Yes they are long, but just so amazing to watch.  No, this is not me, just something I stumbled upon surfing youtube and though I'd share.  I wish I had that kind of skill.


----------



## garyinhere (Oct 23, 2010)

he did an amazing job!


----------



## Kantastic (Oct 23, 2010)

/Speechless


----------



## JanJan (Oct 23, 2010)

lol is it a good idea to let sparkles fly at the drives like that?


----------



## DanishDevil (Oct 23, 2010)

That was incredible. Makes me want to learn some fabrication and do the same thing


----------



## newtekie1 (Oct 23, 2010)

JanJan said:


> lol is it a good idea to let sparkles fly at the drives like that?

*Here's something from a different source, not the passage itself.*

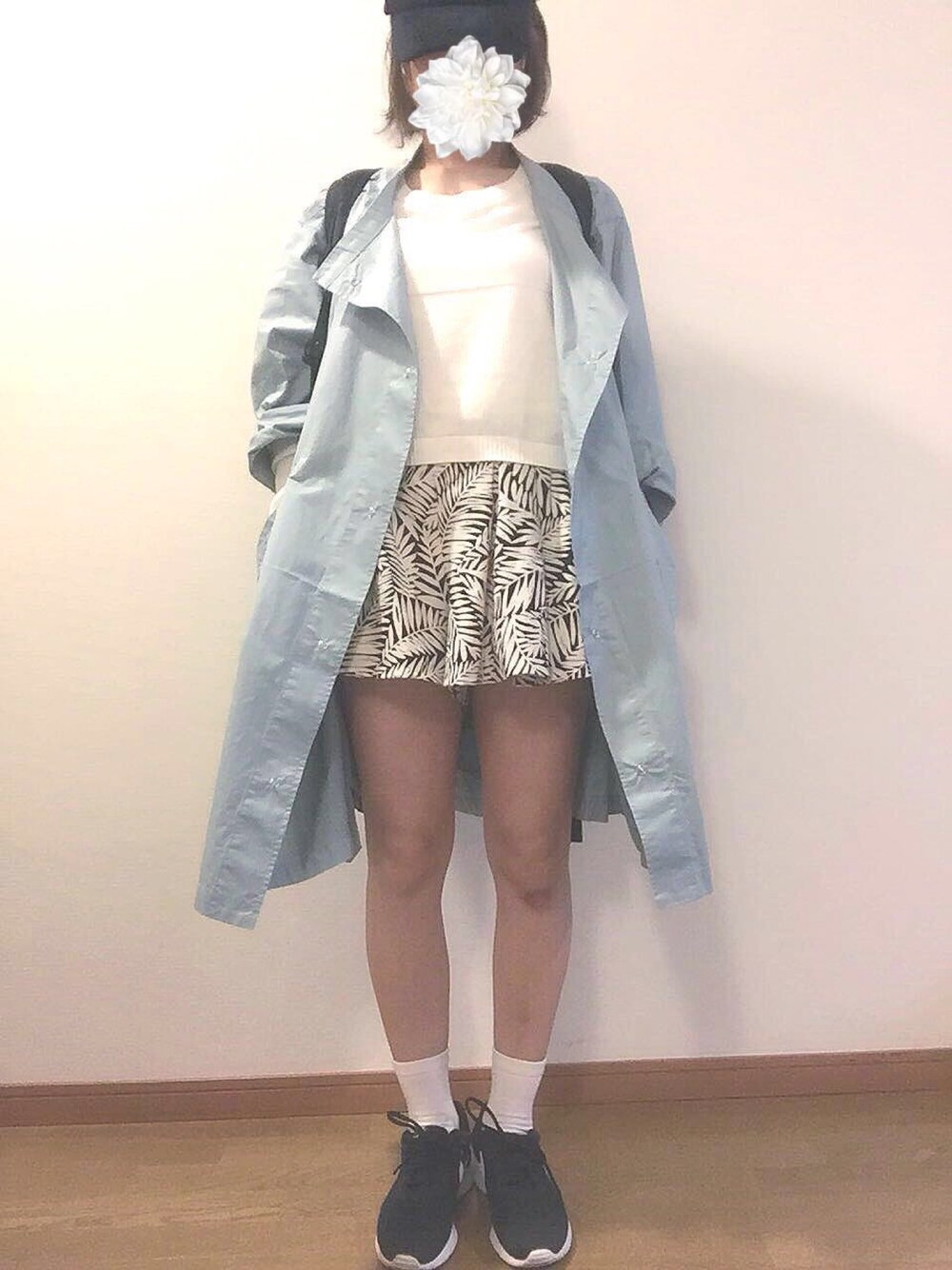 くすみブルーすてき。 まだ朝晩は冷えるので薄いアウター大活躍です。 足のあざはアクセント。

The drives used in the build process were just dummy drives to get the spacing right.  He swapped in the real drives once everything was done.  Chances are the drives he used in the build process weren't even functional to begin with, or were probably so old and small it didn't matter if they were killed in the process.  Hell he slams them down on the table right at the beginning, that can't be good for them.


----------



## JanJan (Oct 23, 2010)

ah here go the real drives in the 2nd vid haha


----------



## PhysXerror (Oct 23, 2010)

Ive always wanted to build something like this, would be kicka$$!


----------



## (FIH) The Don (Oct 23, 2010)

i think that guy is a metalworker of some sort

you just dont get that skill over night


----------



## Chicken Patty (Oct 23, 2010)

Yeah, I agree with don.  He's got some experience with fabbing/metals.  It's amazing what he did though, I'm speechless!


----------